Re: Compaction Strategy guidance

2014-11-24 Thread Andrei Ivanov
OK, let's see - my cluster is recompacting now;-) I will let you know
if this helps

On Mon, Nov 24, 2014 at 5:48 PM, Nikolai Grigoriev  wrote:
> I was thinking about that option and I would be curious to find out how does
> this change help you. I suspected that increasing sstable size won't help
> too much because the compaction throughput (per task/thread) is still the
> same. So, it will simply take 4x longer to finish a compaction task. It is
> possible that because of that the CPU will be under-used for even longer.
>
> My data model, unfortunately, requires this amount of data. And I suspect
> that regardless of how it is organized I won't be able to optimize it - I do
> need these rows to be in one row so I can read them quickly.
>
> One of the obvious recommendations I have received was to run more than one
> instance of C* per host. Makes sense - it will reduce the amount of data per
> node and will make better use of the resources.
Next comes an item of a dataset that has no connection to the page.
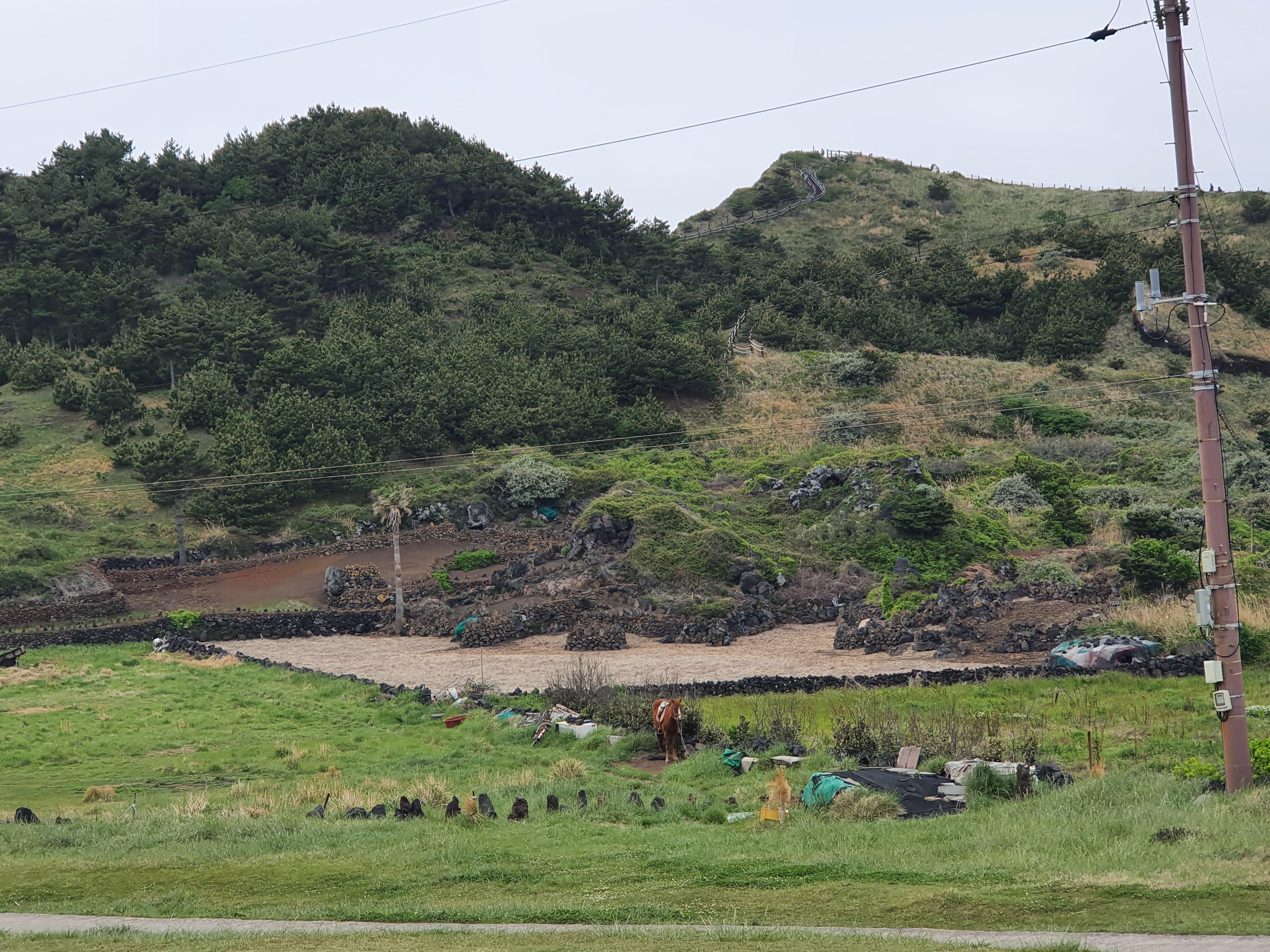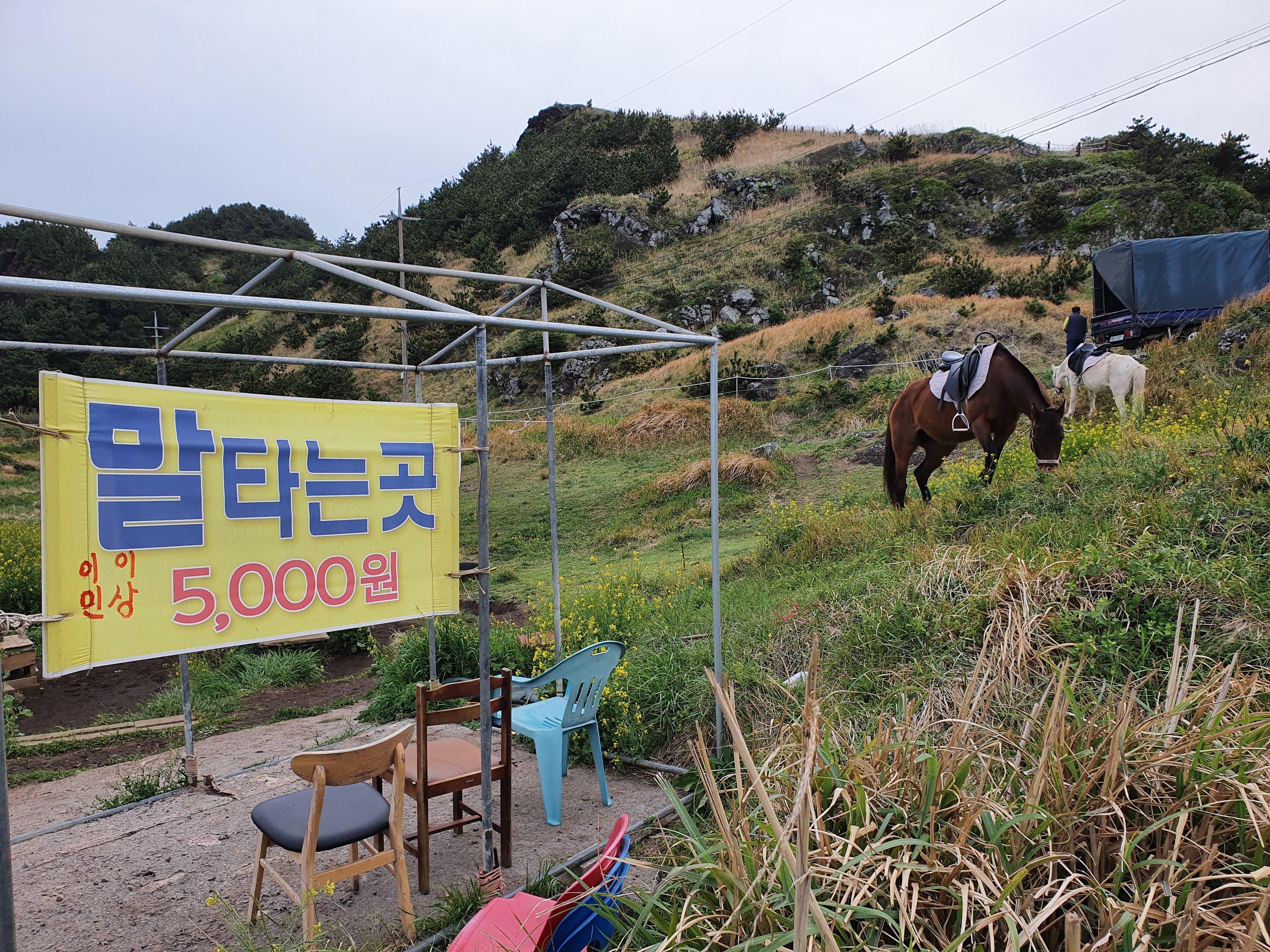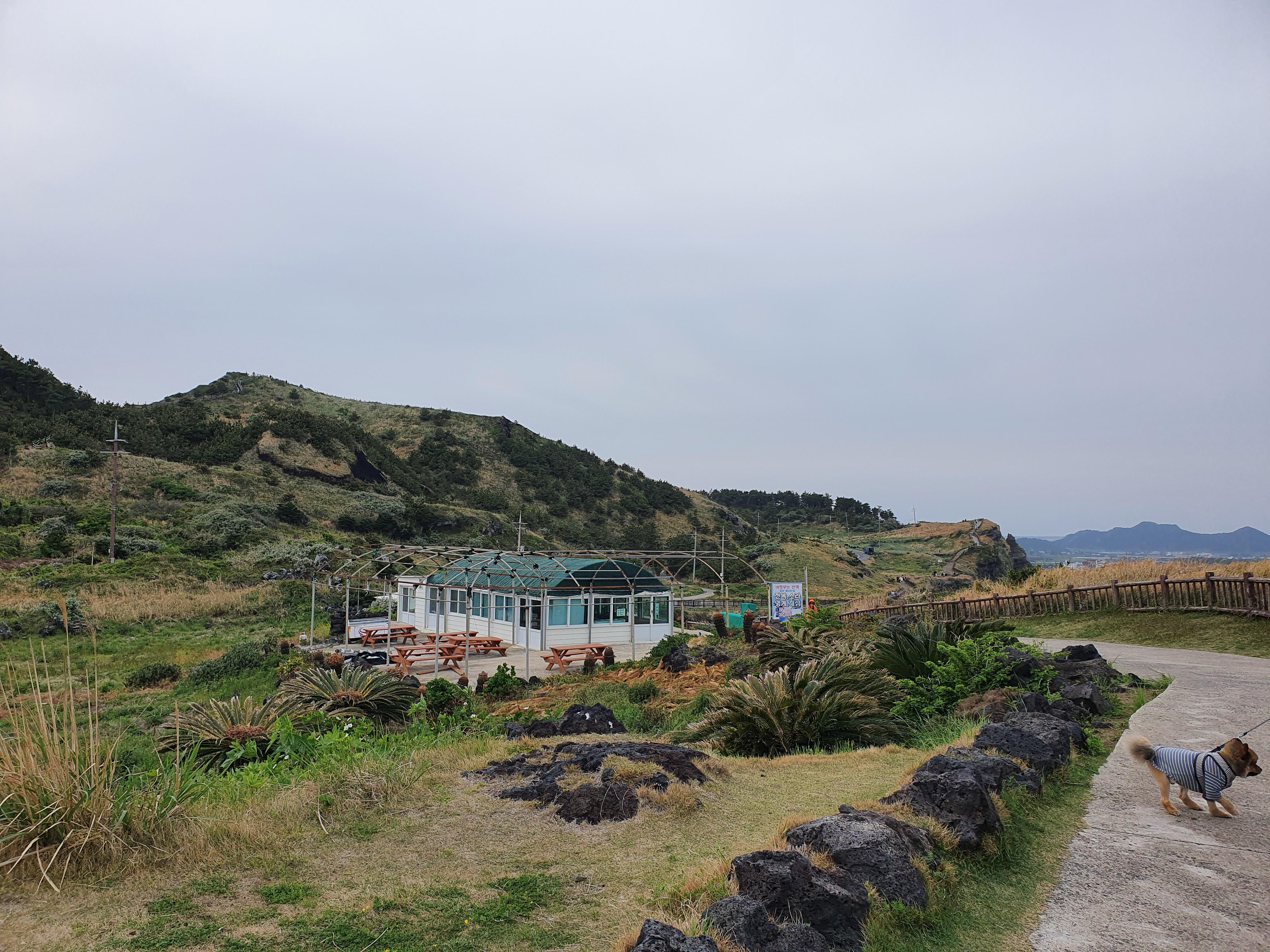송악산 둘레길은 코스가 전체적으로 완만하고 바다를 끼고 있어 오션뷰가 아주 좋다. 중간에 벤치가 많아서 쉬엄쉬엄 가다가 쉬기도 좋다. 둘레길 초입 주차장 근처에 스타벅스, 편의점, 식당 등이 있어서 이용하기도 좋다. 입구에서 약간 들어가면 해녀들이 모듬 해산물(한접시 2, 3만원)을 판매하는 식당도 있고, 제주말을 타고 승마 체험하는 곳도 있는데, 5000원을 받는다고 한다.

I would go for it myself,
> but it may be a challenge for the people in operations. Without a VM this
> would be more tricky for them to operate such a thing and I do not want any
> VMs there.
>
> Another option is to probably simply shard my data between several identical
> tables in the same keyspace. I could also think about different keyspaces
> but I prefer not to spread the data for the same logical "tenant" across
> multiple keyspaces. Use my primary key's hash and then simply do something
> like mod 4 and add this to the table name :) This would effectively reduce
> the number of sstables and amount of data per table (CF). I kind of like
> this idea more - yes, a bit more challenge at coding level but obvious
> benefits without extra operational complexity.
>
>
> On Mon, Nov 24, 2014 at 9:32 AM, Andrei Ivanov  wrote:
>>
>> Nikolai,
>>
>> This is more or less what I'm seeing on my cluster then. Trying to
>> switch to bigger sstables right now (1Gb)
>>
>> On Mon, Nov 24, 2014 at 5:18 PM, Nikolai Grigoriev 
>> wrote:
>> > Andrei,
>> >
>> > Oh, Monday mornings...Tb :)
>> >
>> > On Mon, Nov 24, 2014 at 9:12 AM, Andrei Ivanov 
>> > wrote:
>> >>
>> >> Nikolai,
>> >>
>> >> Are you sure about 1.26Gb? Like it doesn't look right - 5195 tables
>> >> with 256Mb table size...
>> >>
>> >> Andrei
>> >>
>> >> On Mon, Nov 24, 2014 at 5:09 PM, Nikolai Grigoriev
>> >> 
>> >> wrote:
>> >> > Jean-Armel,
>> >> >
>> >> > I have only two large tables, the rest is super-small. In the test
>> >> > cluster
>> >> > of 15 nodes the largest table has about 110M rows. Its total size is
>> >> > about
>> >> > 1,26Gb per node (total disk space used per node for that CF). It's
>> >> > got
>> >> > about
>> >> > 5K sstables per node - the sstable size is 256Mb. cfstats on a
>> >> > "healthy"
>> >> > node look like this:
>> >> >
>> >> > Read Count: 8973748
>> >> > Read Latency: 16.130059053251774 ms.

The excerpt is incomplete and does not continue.